Collected data
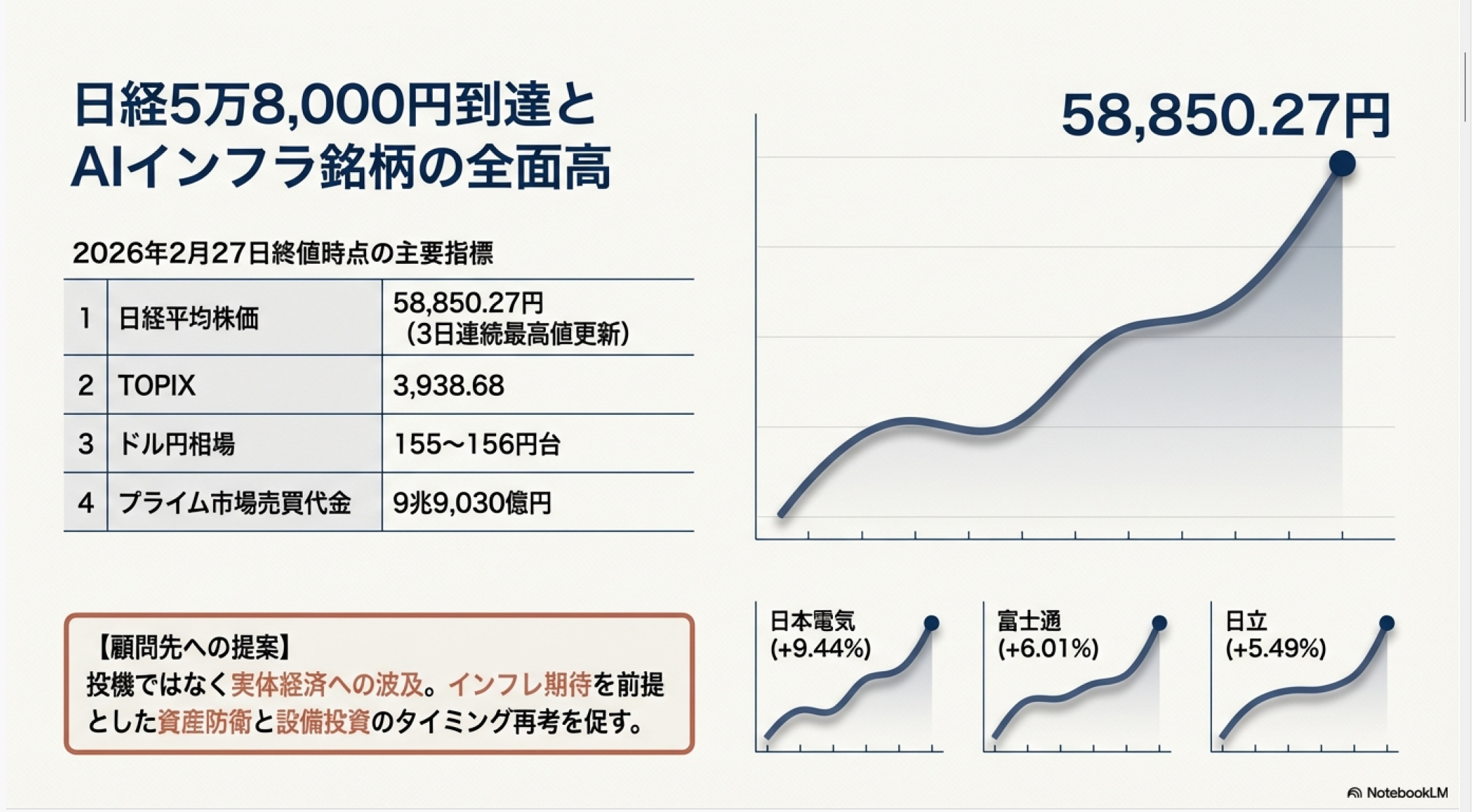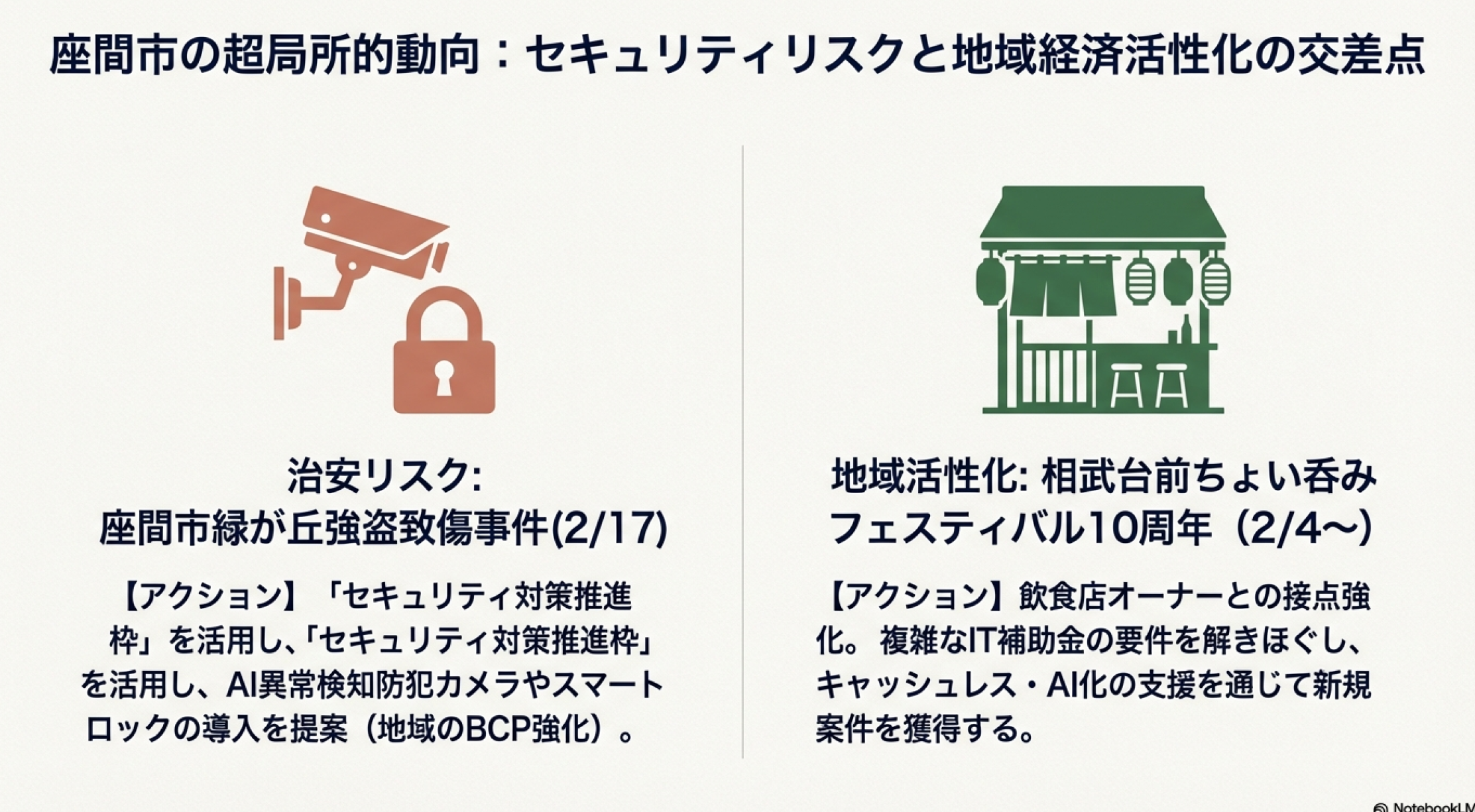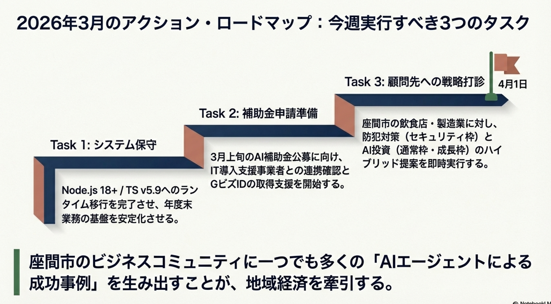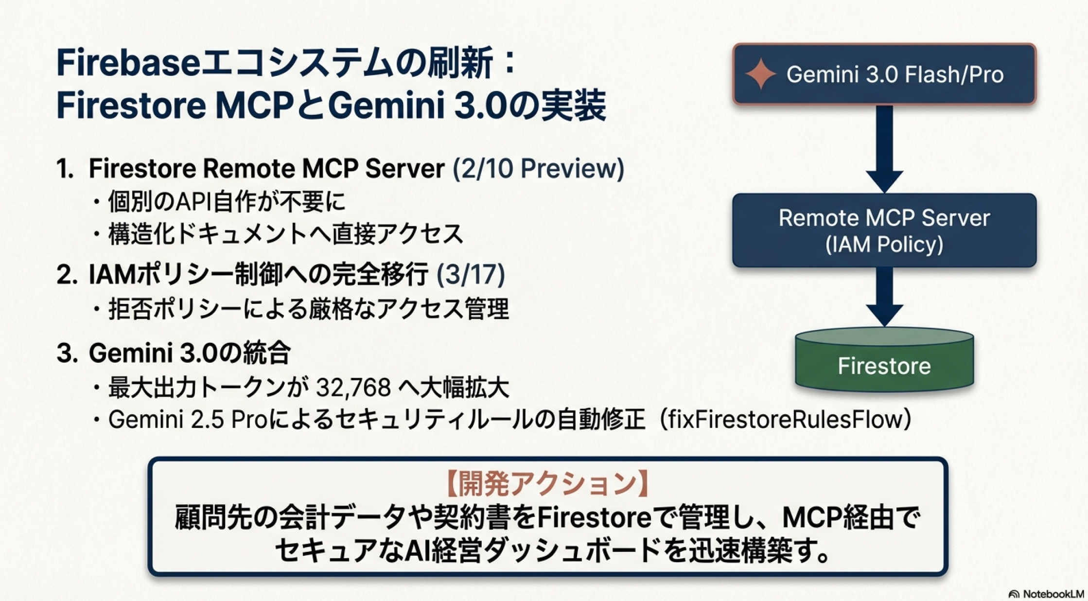 日経平均株価の史上最高値更新や日銀の利上げ観測といったマクロ経済の地殻変動に加え、中小企業のAI導入を支援する新たな補助金制度の詳細がまとめられています。技術面では、AIの相互運用性を高めるModel Context Protocol(MCP)の普及やFirebaseの進化が、実務に与える影響と共に詳述されています。さらに、座間市内の治安情勢や地域イベントにも触れ、地域密着型の専門家が取るべき具体的な経営・開発戦略を提言しています。最終的に、これらの多角的な情報を統合し、最新技術と財務知識を駆使して顧問先の成長を支援する指針を提示する内容となっています。
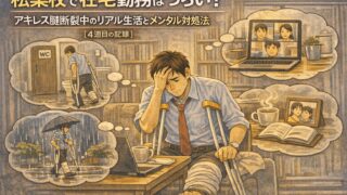 アキレス腱断裂4週目の在宅勤務生活のリアルを記録。松葉杖生活による日常の不便さや、トイレを我慢してしまう生活、部屋でのPC業務によるモチベーション低下、朝のZOOMで感じた安心感など、現在進行形の体験を詳しく解説します。雨の日の電車通勤への不安や転倒リスク、在宅療養中のメンタル管理の考え方も含め、同じ境遇の方に役立つ共感と実用情報をまとめた実体験ブログです。
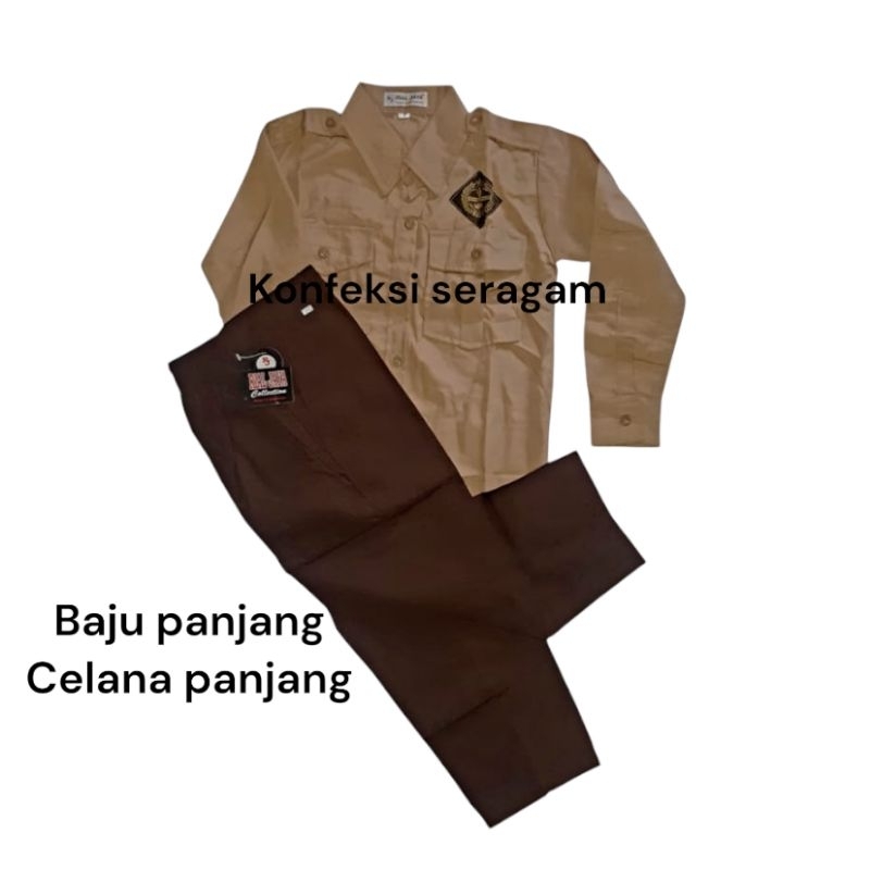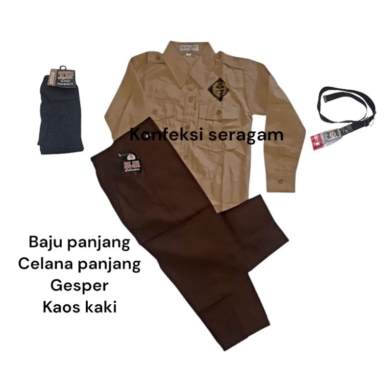 Seragam Sekolah Set Super Lengkap Pramuka Laki Laki Baju Panjang, Celana Panjang, Topi, Gesper, Dan Kaos Kaki
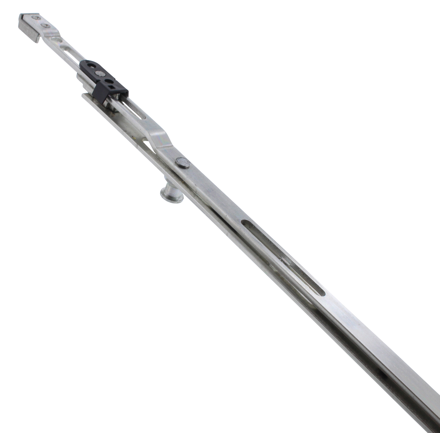 Der Maco Mittelverschluss 1500V RAL9006 ist ein verlängerbarer Fensterbeschlag, der speziell für Bodenschwellen entwickelt wurde. Er dient zur sicheren Verriegelung von Fenstern und sorgt für eine zuverlässige Schließfunktion im Flügelbereich.
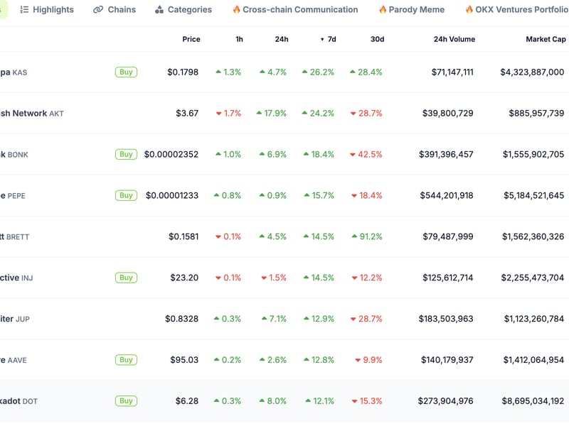 然而,这种下跌掩盖了Kaspa区块链的KAS代币上涨了26%。该代币在市值排名中位列第27位,已突破18美分,接近本月初创下的0.196美元的纪录高点,据数据来源CoinGecko称,这使KAS成为市值前100数字资产中表现最佳的代币。
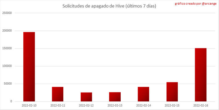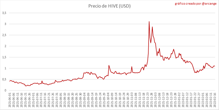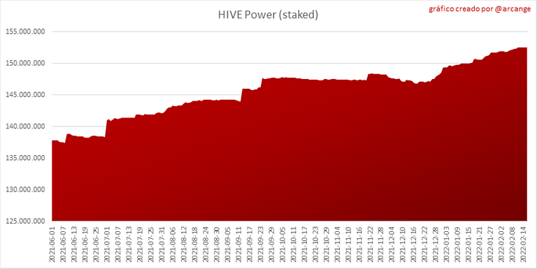 Toda la información presentada en este informe se basa en los datos recopilados de la cadena de bloques hasta las medianoche del 2022-02-16, hora UTC. El objetivo de este informe es brindarle una visión clara de lo que está sucediendo en la Hive blockchain.
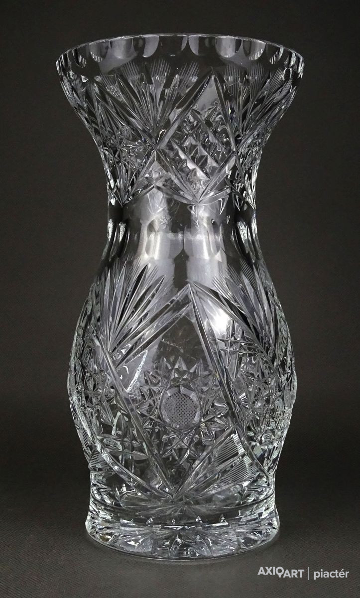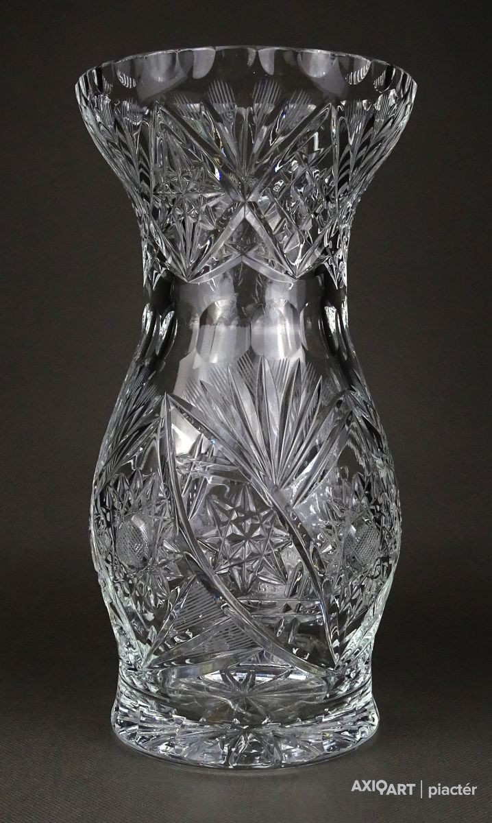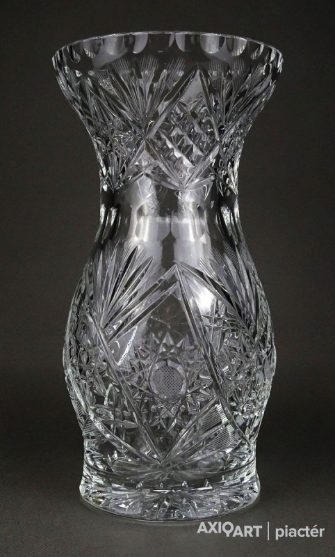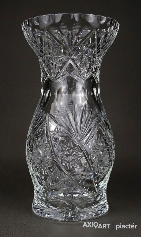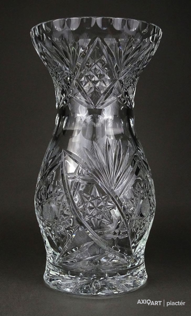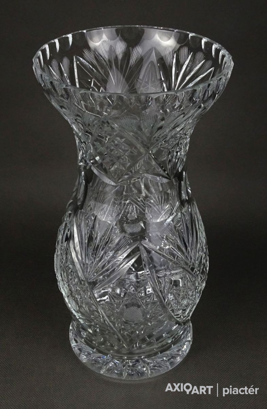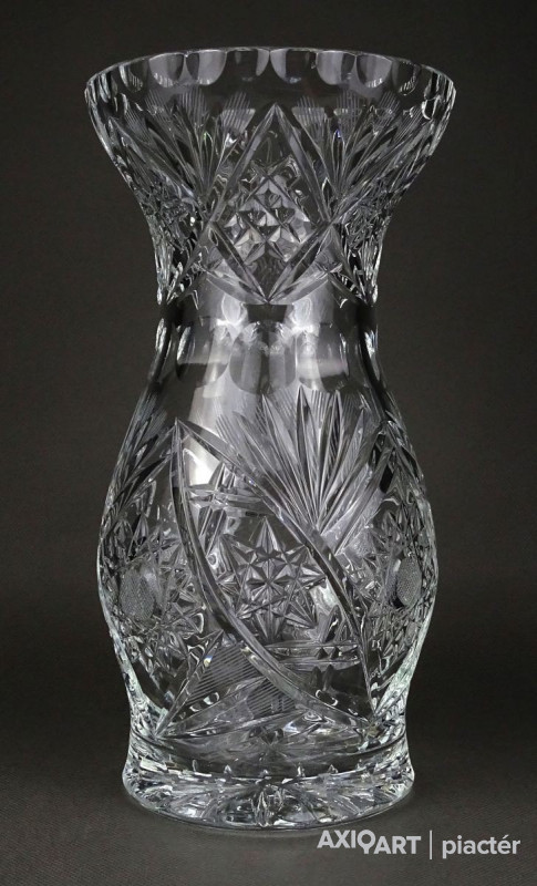 Hibátlan állapotú, vastagfalú, nehéz, nagy méretű, gyönyörű, csiszolatokkal díszített kristályváza, díszváza.
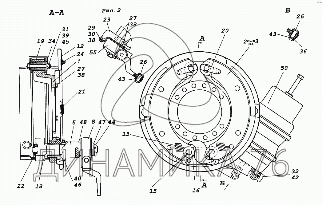 Кронштейн тормозной камеры и разжимного кулака тормоза левый в сборе
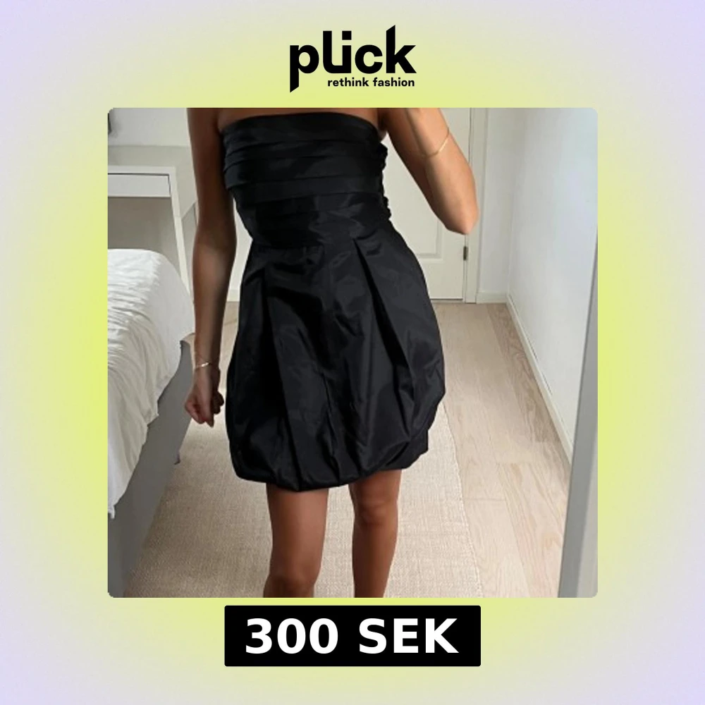 Supersnygg svart axelbandslös kortklänning med veckad överdel och ballongformad kjol. Klänningen har en elegant och stilren look, perfekt för dig som vill sticka ut. Materialet är glansigt och ger en lyxig känsla.
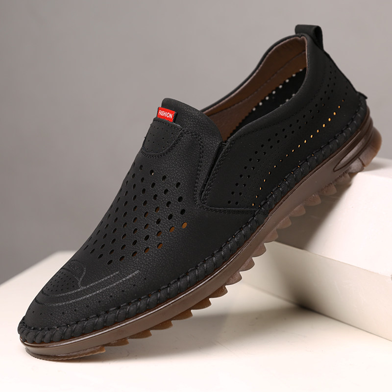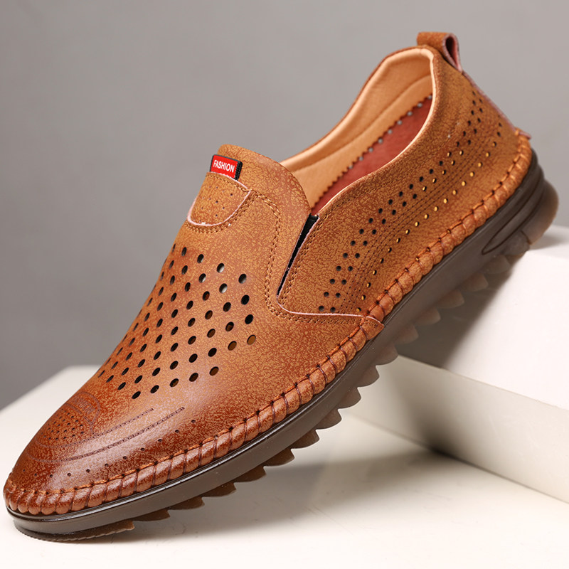 皮鞋男夏季凉皮鞋白色男士休闲鞋商务真皮洞洞男鞋透气镂空皮凉鞋
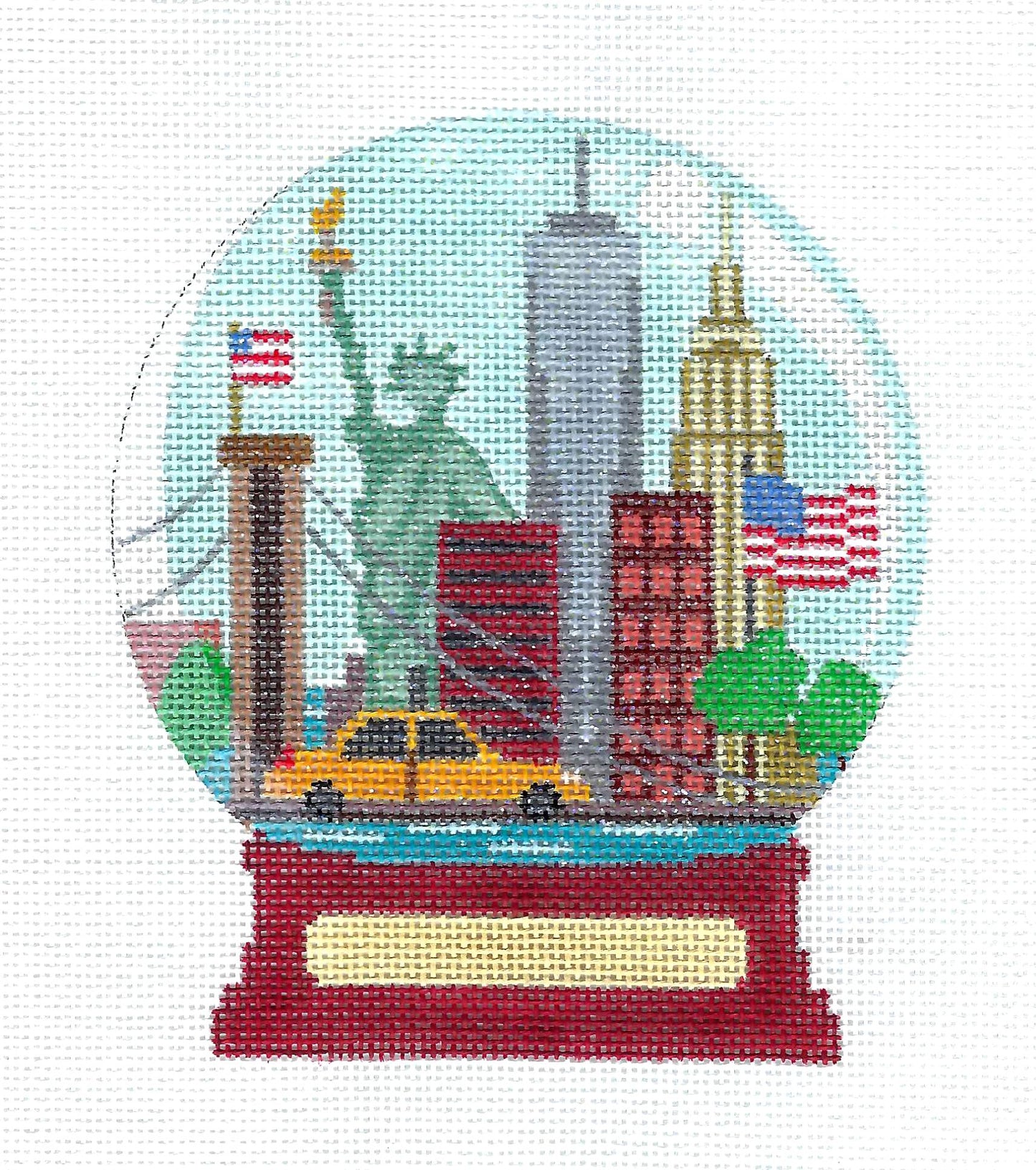 Travel Snow Globe ~ NEW YORK CITY handpainted 18 Mesh Needlepoint Canvas Ornament by Amanda Lawford
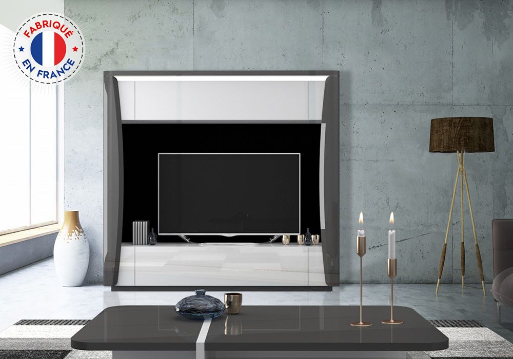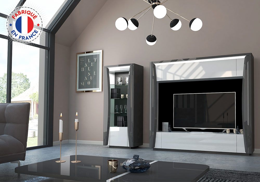 Design et moderne, le mur TV de la collection Tiago présente des lignes affirmées et une finition laquée brillante qui agrandiront votre pièce.

*EXERCISE:* Repeat only the lines between the top of the entries above and the line containing "Travel Snow Globe", both ends included, without the pictures.

*TASK SOLUTION:*
 日経平均株価の史上最高値更新や日銀の利上げ観測といったマクロ経済の地殻変動に加え、中小企業のAI導入を支援する新たな補助金制度の詳細がまとめられています。技術面では、AIの相互運用性を高めるModel Context Protocol(MCP)の普及やFirebaseの進化が、実務に与える影響と共に詳述されています。さらに、座間市内の治安情勢や地域イベントにも触れ、地域密着型の専門家が取るべき具体的な経営・開発戦略を提言しています。最終的に、これらの多角的な情報を統合し、最新技術と財務知識を駆使して顧問先の成長を支援する指針を提示する内容となっています。
 アキレス腱断裂4週目の在宅勤務生活のリアルを記録。松葉杖生活による日常の不便さや、トイレを我慢してしまう生活、部屋でのPC業務によるモチベーション低下、朝のZOOMで感じた安心感など、現在進行形の体験を詳しく解説します。雨の日の電車通勤への不安や転倒リスク、在宅療養中のメンタル管理の考え方も含め、同じ境遇の方に役立つ共感と実用情報をまとめた実体験ブログです。
 Seragam Sekolah Set Super Lengkap Pramuka Laki Laki Baju Panjang, Celana Panjang, Topi, Gesper, Dan Kaos Kaki
 Der Maco Mittelverschluss 1500V RAL9006 ist ein verlängerbarer Fensterbeschlag, der speziell für Bodenschwellen entwickelt wurde. Er dient zur sicheren Verriegelung von Fenstern und sorgt für eine zuverlässige Schließfunktion im Flügelbereich.
 然而,这种下跌掩盖了Kaspa区块链的KAS代币上涨了26%。该代币在市值排名中位列第27位,已突破18美分,接近本月初创下的0.196美元的纪录高点,据数据来源CoinGecko称,这使KAS成为市值前100数字资产中表现最佳的代币。
 Toda la información presentada en este informe se basa en los datos recopilados de la cadena de bloques hasta las medianoche del 2022-02-16, hora UTC. El objetivo de este informe es brindarle una visión clara de lo que está sucediendo en la Hive blockchain.
 Hibátlan állapotú, vastagfalú, nehéz, nagy méretű, gyönyörű, csiszolatokkal díszített kristályváza, díszváza.
 Кронштейн тормозной камеры и разжимного кулака тормоза левый в сборе
 Supersnygg svart axelbandslös kortklänning med veckad överdel och ballongformad kjol. Klänningen har en elegant och stilren look, perfekt för dig som vill sticka ut. Materialet är glansigt och ger en lyxig känsla.
 皮鞋男夏季凉皮鞋白色男士休闲鞋商务真皮洞洞男鞋透气镂空皮凉鞋
 Travel Snow Globe ~ NEW YORK CITY handpainted 18 Mesh Needlepoint Canvas Ornament by Amanda Lawford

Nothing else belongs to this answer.